In addition, you’re building not only an infrastructure, but a brain language, too. You’ve gone from learning the exercise alphabet, to mastering words, to turning them into sentences. What might have seemed endlessly complicated and difficult at first quickly becomes the physical equivalent of reciting Shakespeare at the Globe Theatre!
Playful Exercise Makes You Feel Great
Here’s another way that exercise can make you feel better: you can have fun with it. As soon as you start viewing exercise as something playful, it’s no longer a chore you need to do—it’s a joyful task you want to do!
I’ve been working for several years with the incredible Dr. Gregory Lombardo, a child and adolescent psychiatrist and expert on bipolar disorders in children, on introducing fun and play—as well as humor—into my workouts, especially those I do with children in schools around the country. In other words, we’ve made sure that the way these exercises are structured is playful. Not just for kids, for whom play is how they learn and is critical for their future development (an offshoot of studying how animals play, as it’s how they learn the most important life lessons), but for grown-ups, who have often forgotten what a kick it can be to move! I’ve noticed this on countless trips to the gym, where I’ve seen the grim, gray faces of people trudging along on the treadmills or halfheartedly pedaling the bikes as they read a magazine. What they’re doing is unwittingly sabotaging their own workouts. Not just because they’re barely concentrating on their movements or their execution, but because they’ve forgotten all about playfulness.
Exercise Brings Structure into Your Life, Too
Something I’ve often discussed with my clients who have a weight problem is why they overeat when they do. They’ve told me that they rarely eat badly at work or with their friends or peers—that their worst eating habits invariably emerge at home, after the stress of a long day, and they just don’t know what they can do to switch off the signals that lead to bingeing.
I discussed this with Dr. Lombardo, and that led us to talking about the issue of structure. When most people go to work, their days are structured around the tasks at hand and toward other people’s expectations. But when they move from a place where their attention is focused on other people’s needs to a place where there are fewer (or different) demands, those who are oriented toward service may find themselves at a loss. They get home and don’t know what to do with themselves because there’s no longer any structure to their time and/or tasks. Often, the first thing they do is turn on the television, a passive endeavor and a means to either escape feelings or substitute a set of programmed feelings for their authentic emotional state.

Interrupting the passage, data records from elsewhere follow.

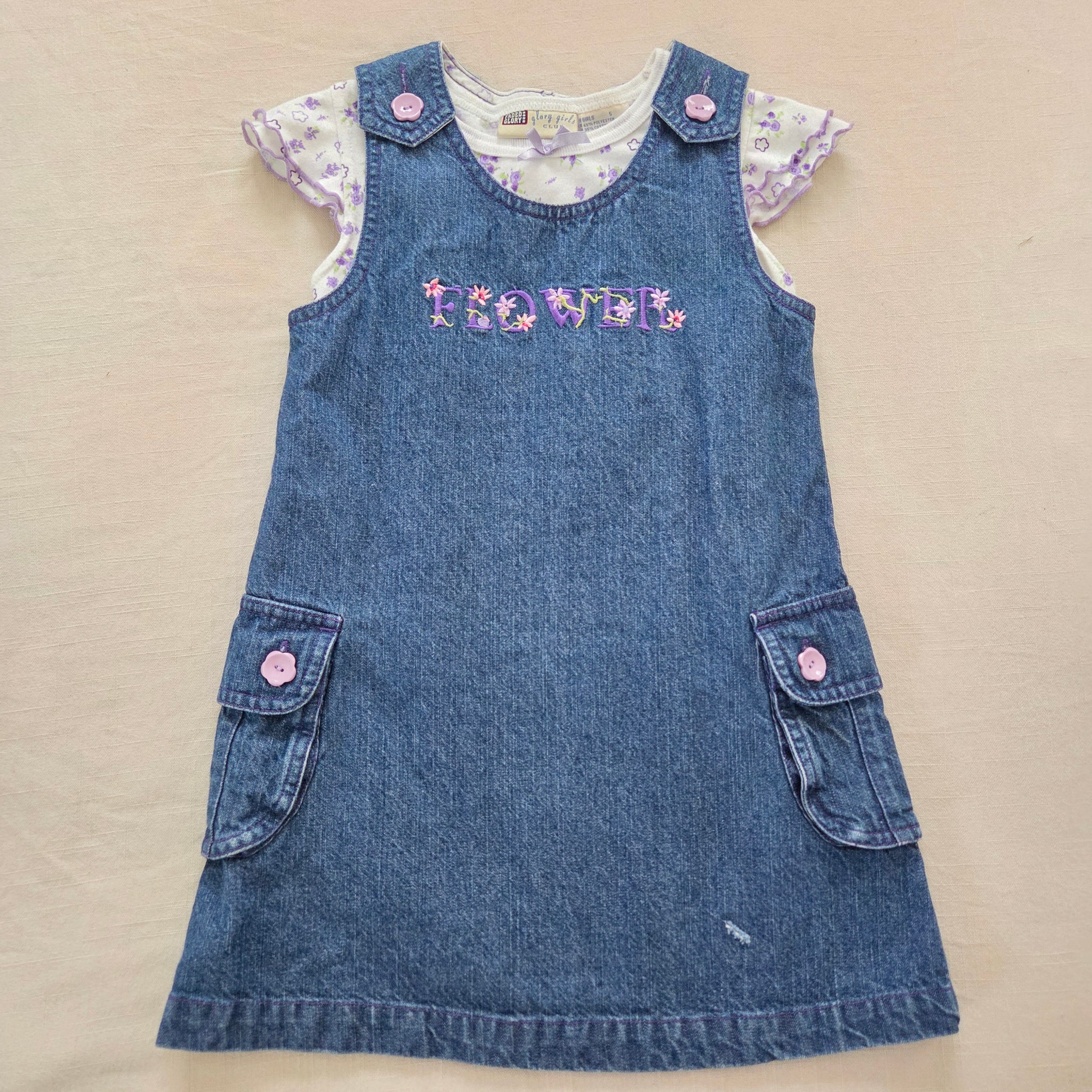Vintage Y2k Denim Dress + Shirt Set 5t
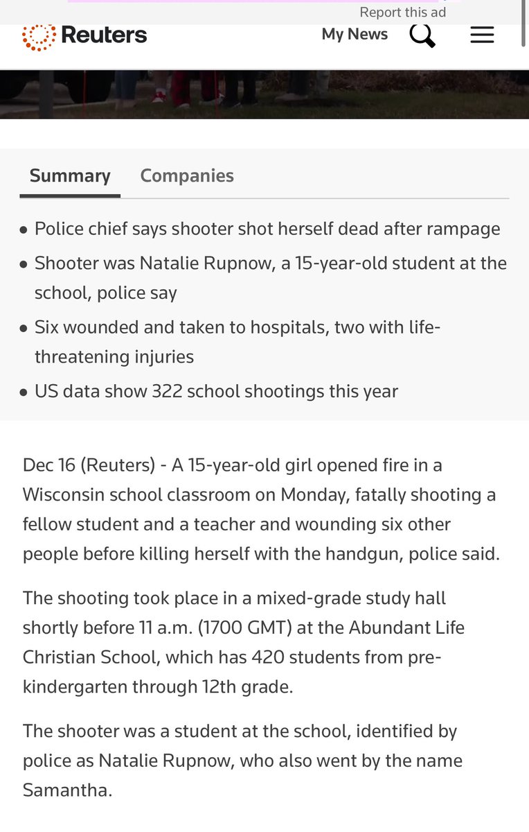 Reuters has now further confirmed that a 15 female student named Natalie “Samantha” Rupnow is behind the shooting. If you were following this thread, you got the news a clean 5 hours early. Congrats. https://t.co/yeGTFzcvbw
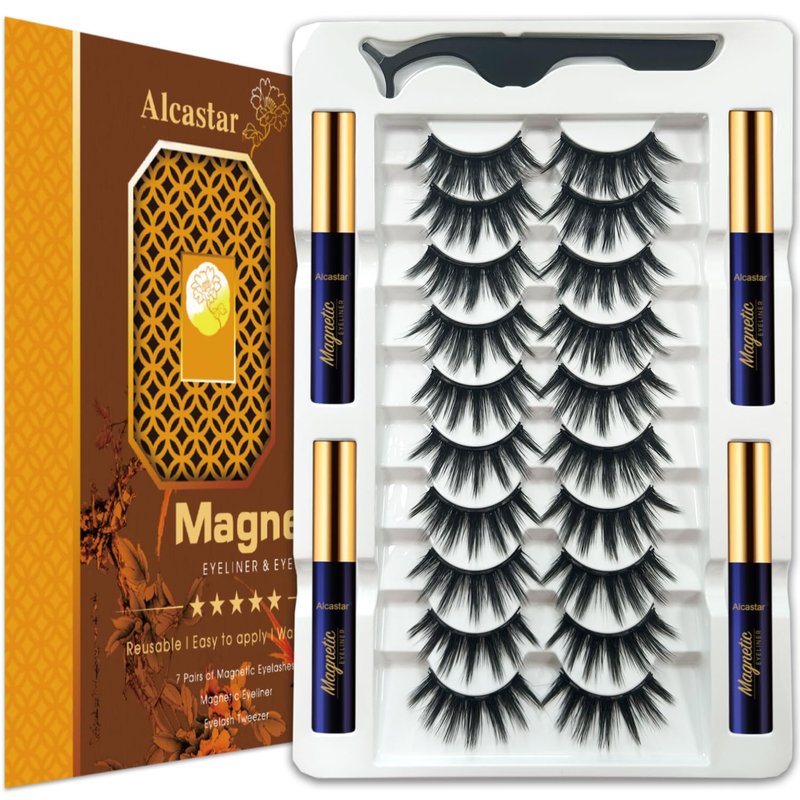Alcastar Magnetic Eyelashes Natural Look, Magnetic Lashes with Eyeliner,Natural Look,Reusable Magnet False Eyelashes Cruelty Free. Easy to Apply.

So, instead of falling into the two most addictive home activities (TV/computer and eating) as soon as you get home, try doing a structured routine like a Super Body, Super Brain circuit instead. It takes only ten minutes and can completely restructure your evening. If you can’t do ten minutes, do five. Or sit quietly and meditate for five minutes. The important thing is to give yourself something good to do that provides a mental and physical disconnect from the world outside your door.
Exercise Is a Great Way to Manage Stress
Hormones are chemical messengers released by your endocrine glands to support the normal functioning of your body. These hormones regulate sexual development (estrogen, progesterone, testosterone), digestion (insulin), and stress (the corticosteroids: cortisol and epinephrine).
Stress has been hardwired into us over the millennia, likely a direct descendant of our earliest origins as hunter-gatherers, where short periods of intense stress (hunting, fear for survival) were followed by hopefully slightly longer periods of less stress/relaxation (eating after the hunt, staying in a safe environment). The need for an instantaneous jolt of energy allowing you to make a snap decision—often referred to as fight-or-flight syndrome—meant the difference between survival and a swift death.
Find yourself in a stressful situation and your brain and body instantly react, releasing a stream of cortisol and epinephrine. When they are released in response to normal stress, this gives you a coping mechanism to react to the situation at hand. Normal stress can get you energized to do an important presentation at work, to manage driving through a rainstorm in rush-hour traffic, or to make smart decisions about your life. If you’ve ever found yourself in a sudden surprising or frightening situation, you’ll know the feeling of an instantaneous, uncontrollable jolt of energy, which can then be followed by the feeling that all the energy has literally been sucked out of your muscles, leaving you seemingly (and temporarily) paralyzed.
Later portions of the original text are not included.